- Genre: Cooking show
- Created by: Food Network
- Starring: Guy Fieri
- Country of origin: United States

Original release
- Network: Food Network

= Ultimate Recipe Showdown =

Ultimate Recipe Showdown is a program shown on Food Network. The program was originally hosted by Marc Summers and Guy Fieri. For the second season, Fieri hosted the program alone.

There were three seasons between 2008 and 2010.

==Format==
Each contest had three home cooks who had won their way into the competition. The episode had a theme such as "comfort food". Each round had a specialized section of the theme, such as macaroni and cheese. In each round, the contestants would be given points out of 100. The three judges included Katherine Alford, Kerry Simon and Russ Parsons. The judges would not watch the contestants as they judged. The top scorer of the night won the top prize of $25,000 and their recipe was featured on the menu of T.G.I. Friday's.

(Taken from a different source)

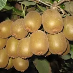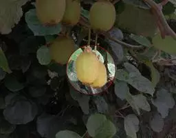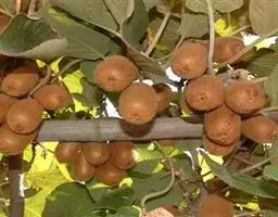 黄金果猕猴桃 黄金果是猕猴桃品种之一,原产地新西兰,因成熟后果肉为黄色而得名。黄金果为二倍体,果实为长卵圆形,果喙端尖、具喙,果实中等大小,单果重80~140g,若使用生物促进剂BenifitPZ,大果比例增加。软熟果肉黄色至金黄色,味甜具芳香,肉质细嫩,风味浓郁,可溶性固形物含量15%~19%,干物质含量17%~20%,果实硬度1.2~1.4kg/cm。

For the second season there were some format changes. Each episode had a theme, but four contestants competed in the entire program. The two rounds were Signature, where the contestants had 2 hours to make a dish, and the Speed Round, where the contestants had 30 minutes for a dish. This time the judges watched the contestants throughout the program. The judges were Alford, Michael Psilakis (owner of Dona, Kefi, and Anthos, three popular Greek restaurants) and Linda Fears, editor-in-chief of Family Circle magazine.